YOUR TASK
Word for word, reproduce the records, keeping none of the pictures.

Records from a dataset

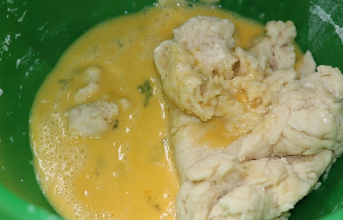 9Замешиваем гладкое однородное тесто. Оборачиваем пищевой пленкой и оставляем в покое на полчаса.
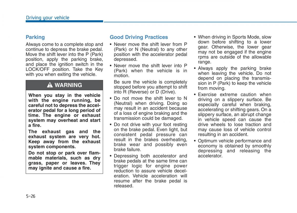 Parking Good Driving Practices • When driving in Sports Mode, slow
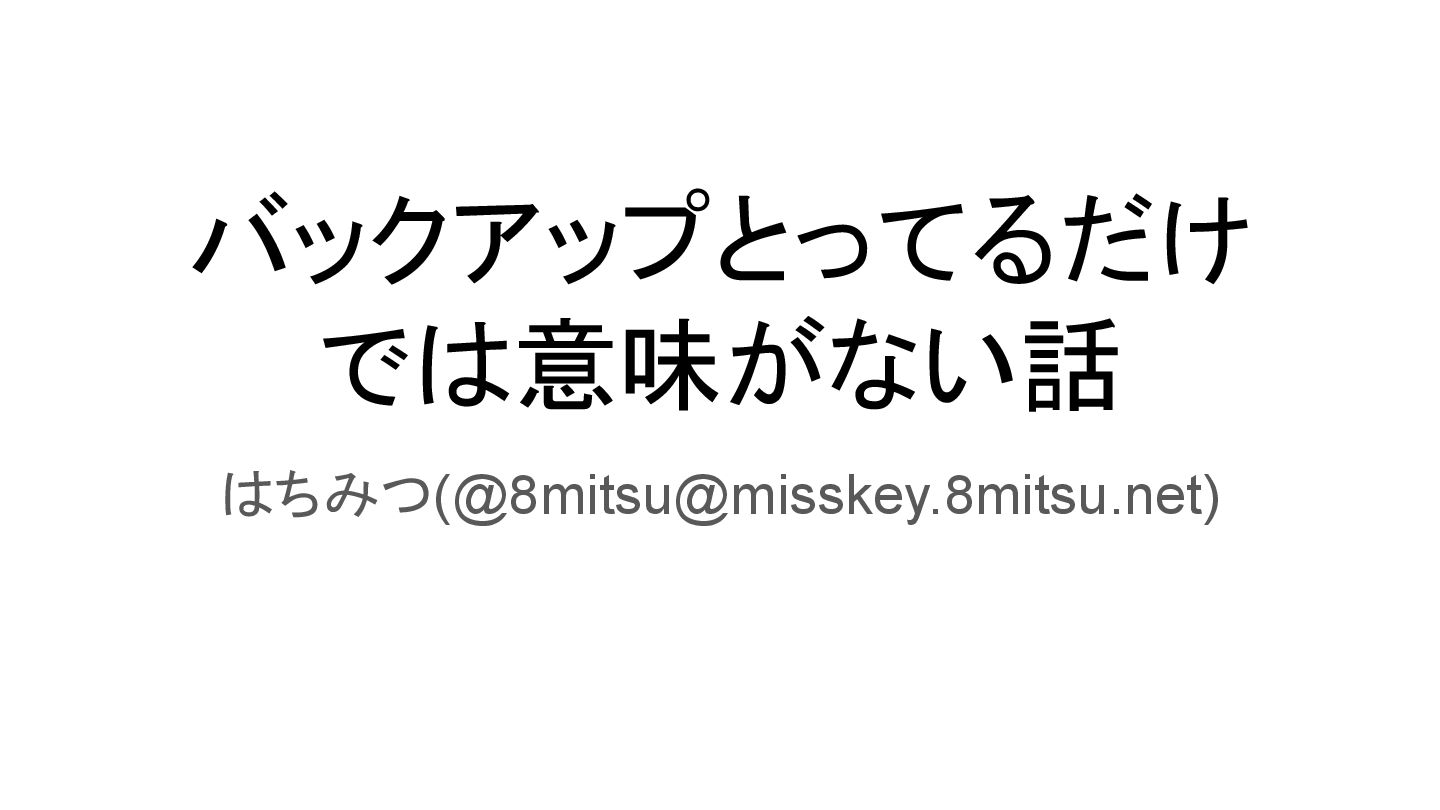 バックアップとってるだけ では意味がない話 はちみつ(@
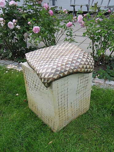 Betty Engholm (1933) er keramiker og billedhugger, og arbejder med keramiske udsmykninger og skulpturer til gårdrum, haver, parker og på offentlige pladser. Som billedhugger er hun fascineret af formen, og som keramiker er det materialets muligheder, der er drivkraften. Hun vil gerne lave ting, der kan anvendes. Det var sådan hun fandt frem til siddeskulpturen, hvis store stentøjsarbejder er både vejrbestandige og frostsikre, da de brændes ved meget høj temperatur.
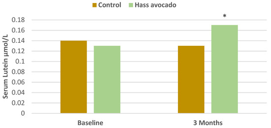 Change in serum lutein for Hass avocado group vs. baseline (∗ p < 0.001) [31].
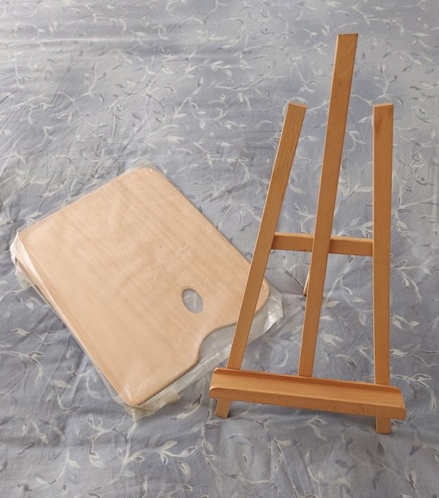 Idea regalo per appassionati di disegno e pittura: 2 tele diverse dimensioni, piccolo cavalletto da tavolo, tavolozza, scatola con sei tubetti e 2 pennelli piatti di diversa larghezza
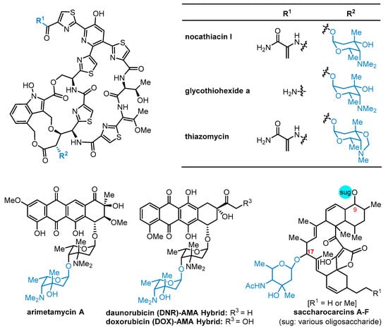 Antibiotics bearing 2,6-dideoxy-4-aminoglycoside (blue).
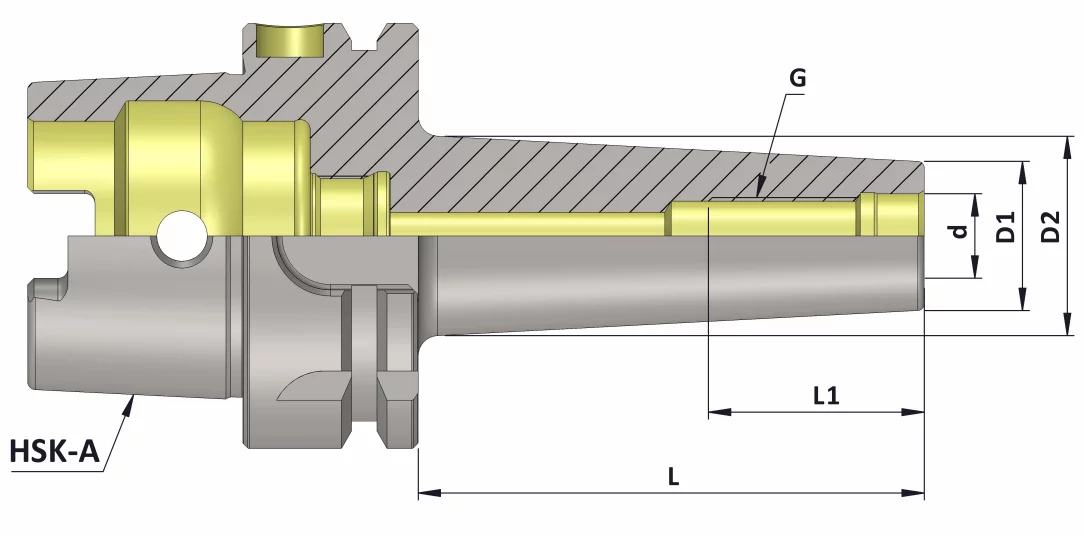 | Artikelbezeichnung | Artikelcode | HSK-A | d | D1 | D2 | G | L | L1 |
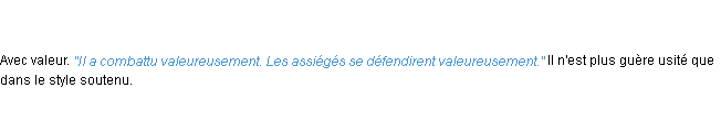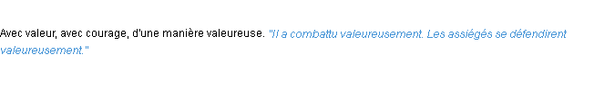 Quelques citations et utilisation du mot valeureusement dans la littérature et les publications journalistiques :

ANSWER FOR THIS EXERCISE
 9Замешиваем гладкое однородное тесто. Оборачиваем пищевой пленкой и оставляем в покое на полчаса.
 Parking Good Driving Practices • When driving in Sports Mode, slow
 バックアップとってるだけ では意味がない話 はちみつ(@
 Betty Engholm (1933) er keramiker og billedhugger, og arbejder med keramiske udsmykninger og skulpturer til gårdrum, haver, parker og på offentlige pladser. Som billedhugger er hun fascineret af formen, og som keramiker er det materialets muligheder, der er drivkraften. Hun vil gerne lave ting, der kan anvendes. Det var sådan hun fandt frem til siddeskulpturen, hvis store stentøjsarbejder er både vejrbestandige og frostsikre, da de brændes ved meget høj temperatur.
 Change in serum lutein for Hass avocado group vs. baseline (∗ p < 0.001) [31].
 Idea regalo per appassionati di disegno e pittura: 2 tele diverse dimensioni, piccolo cavalletto da tavolo, tavolozza, scatola con sei tubetti e 2 pennelli piatti di diversa larghezza
 Antibiotics bearing 2,6-dideoxy-4-aminoglycoside (blue).
 | Artikelbezeichnung | Artikelcode | HSK-A | d | D1 | D2 | G | L | L1 |
 Quelques citations et utilisation du mot valeureusement dans la littérature et les publications journalistiques :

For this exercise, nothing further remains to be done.